* [Exercise data]
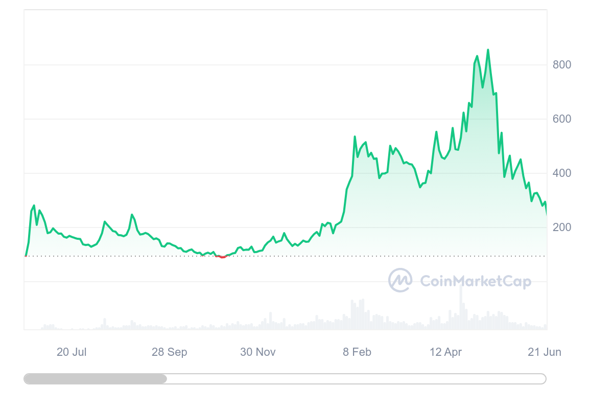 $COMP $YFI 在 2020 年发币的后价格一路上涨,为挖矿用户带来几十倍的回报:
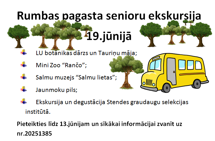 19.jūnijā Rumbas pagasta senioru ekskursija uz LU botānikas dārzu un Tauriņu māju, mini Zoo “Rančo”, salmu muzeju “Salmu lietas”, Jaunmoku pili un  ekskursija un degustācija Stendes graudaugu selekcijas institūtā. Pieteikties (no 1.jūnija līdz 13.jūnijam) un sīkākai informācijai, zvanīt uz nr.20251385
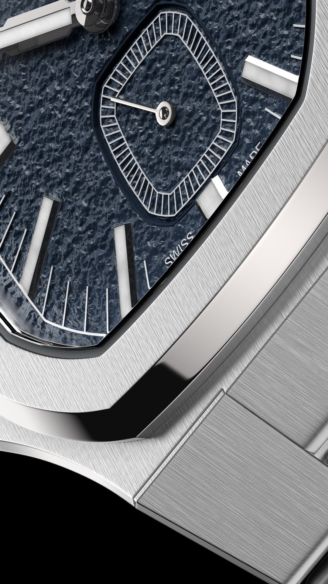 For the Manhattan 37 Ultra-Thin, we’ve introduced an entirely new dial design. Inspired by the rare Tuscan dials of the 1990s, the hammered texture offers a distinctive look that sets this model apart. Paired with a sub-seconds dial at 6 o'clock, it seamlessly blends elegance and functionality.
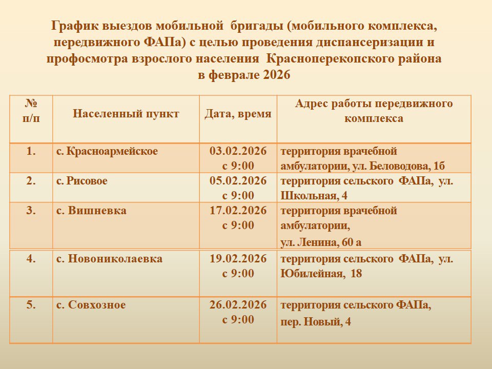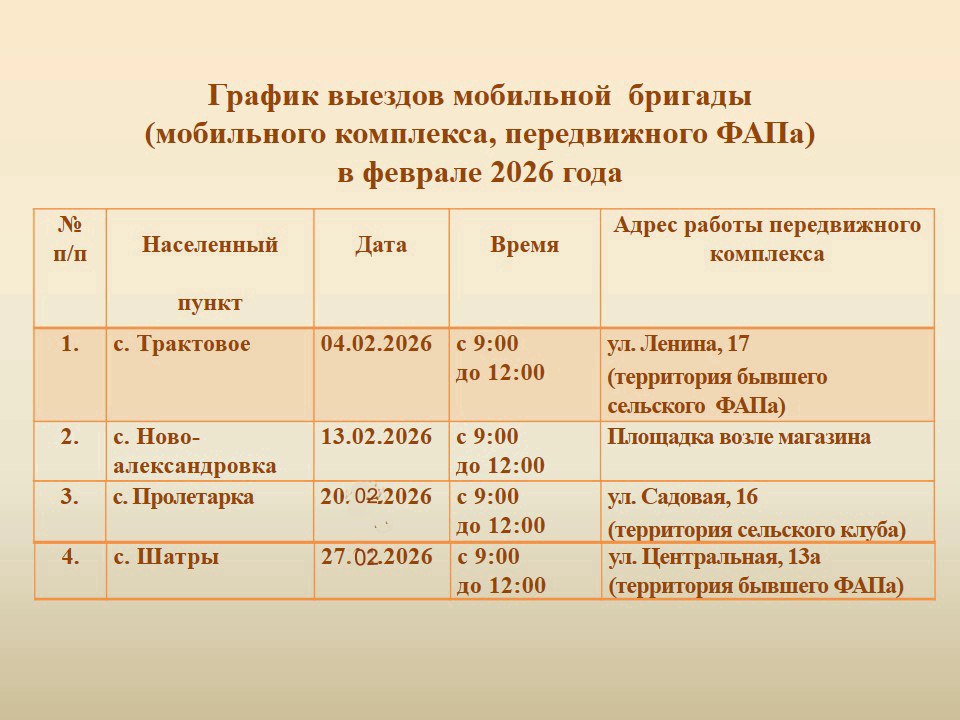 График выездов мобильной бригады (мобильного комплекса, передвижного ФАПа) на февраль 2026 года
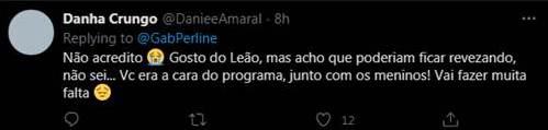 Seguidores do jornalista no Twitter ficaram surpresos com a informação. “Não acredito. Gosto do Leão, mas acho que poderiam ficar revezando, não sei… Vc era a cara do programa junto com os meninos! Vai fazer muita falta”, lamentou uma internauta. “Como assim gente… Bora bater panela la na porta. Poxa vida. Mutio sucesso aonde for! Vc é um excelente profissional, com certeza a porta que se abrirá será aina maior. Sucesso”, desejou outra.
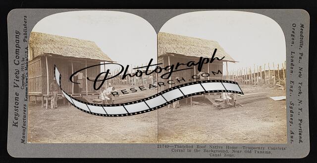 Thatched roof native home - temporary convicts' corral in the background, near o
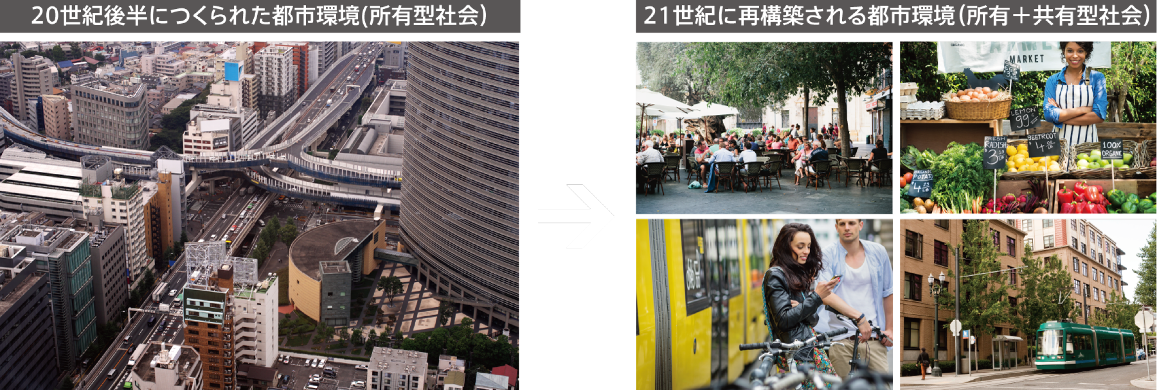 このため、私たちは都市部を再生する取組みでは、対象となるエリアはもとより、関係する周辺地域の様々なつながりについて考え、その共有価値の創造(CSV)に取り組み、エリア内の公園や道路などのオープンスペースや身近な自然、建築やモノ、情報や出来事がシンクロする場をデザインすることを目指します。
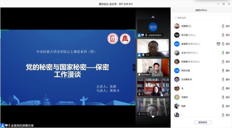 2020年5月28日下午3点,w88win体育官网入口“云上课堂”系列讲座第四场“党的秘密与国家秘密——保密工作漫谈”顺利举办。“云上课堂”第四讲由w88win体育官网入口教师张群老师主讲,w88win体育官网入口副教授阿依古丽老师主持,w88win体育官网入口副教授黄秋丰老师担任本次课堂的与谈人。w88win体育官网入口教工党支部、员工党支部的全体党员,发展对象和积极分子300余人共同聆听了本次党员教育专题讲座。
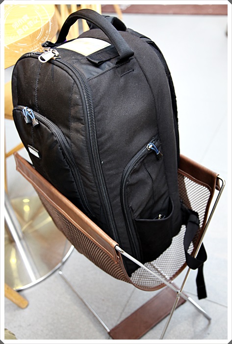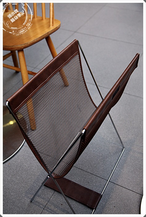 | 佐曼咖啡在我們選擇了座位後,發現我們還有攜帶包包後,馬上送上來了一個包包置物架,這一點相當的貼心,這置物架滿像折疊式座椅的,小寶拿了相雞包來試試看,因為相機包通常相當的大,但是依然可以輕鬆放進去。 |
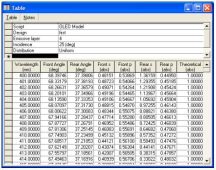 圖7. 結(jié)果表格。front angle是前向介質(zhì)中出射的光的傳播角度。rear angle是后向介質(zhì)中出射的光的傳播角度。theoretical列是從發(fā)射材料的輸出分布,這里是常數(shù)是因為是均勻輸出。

* [The task] Images stay out, but the rest of the data above must be repeated exactly.

* [Answer below]
 $COMP $YFI 在 2020 年发币的后价格一路上涨,为挖矿用户带来几十倍的回报:
 19.jūnijā Rumbas pagasta senioru ekskursija uz LU botānikas dārzu un Tauriņu māju, mini Zoo “Rančo”, salmu muzeju “Salmu lietas”, Jaunmoku pili un  ekskursija un degustācija Stendes graudaugu selekcijas institūtā. Pieteikties (no 1.jūnija līdz 13.jūnijam) un sīkākai informācijai, zvanīt uz nr.20251385
 For the Manhattan 37 Ultra-Thin, we’ve introduced an entirely new dial design. Inspired by the rare Tuscan dials of the 1990s, the hammered texture offers a distinctive look that sets this model apart. Paired with a sub-seconds dial at 6 o'clock, it seamlessly blends elegance and functionality.
 График выездов мобильной бригады (мобильного комплекса, передвижного ФАПа) на февраль 2026 года
 Seguidores do jornalista no Twitter ficaram surpresos com a informação. “Não acredito. Gosto do Leão, mas acho que poderiam ficar revezando, não sei… Vc era a cara do programa junto com os meninos! Vai fazer muita falta”, lamentou uma internauta. “Como assim gente… Bora bater panela la na porta. Poxa vida. Mutio sucesso aonde for! Vc é um excelente profissional, com certeza a porta que se abrirá será aina maior. Sucesso”, desejou outra.
 Thatched roof native home - temporary convicts' corral in the background, near o
 このため、私たちは都市部を再生する取組みでは、対象となるエリアはもとより、関係する周辺地域の様々なつながりについて考え、その共有価値の創造(CSV)に取り組み、エリア内の公園や道路などのオープンスペースや身近な自然、建築やモノ、情報や出来事がシンクロする場をデザインすることを目指します。
 2020年5月28日下午3点,w88win体育官网入口“云上课堂”系列讲座第四场“党的秘密与国家秘密——保密工作漫谈”顺利举办。“云上课堂”第四讲由w88win体育官网入口教师张群老师主讲,w88win体育官网入口副教授阿依古丽老师主持,w88win体育官网入口副教授黄秋丰老师担任本次课堂的与谈人。w88win体育官网入口教工党支部、员工党支部的全体党员,发展对象和积极分子300余人共同聆听了本次党员教育专题讲座。
 | 佐曼咖啡在我們選擇了座位後,發現我們還有攜帶包包後,馬上送上來了一個包包置物架,這一點相當的貼心,這置物架滿像折疊式座椅的,小寶拿了相雞包來試試看,因為相機包通常相當的大,但是依然可以輕鬆放進去。 |
 圖7. 結(jié)果表格。front angle是前向介質(zhì)中出射的光的傳播角度。rear angle是后向介質(zhì)中出射的光的傳播角度。theoretical列是從發(fā)射材料的輸出分布,這里是常數(shù)是因為是均勻輸出。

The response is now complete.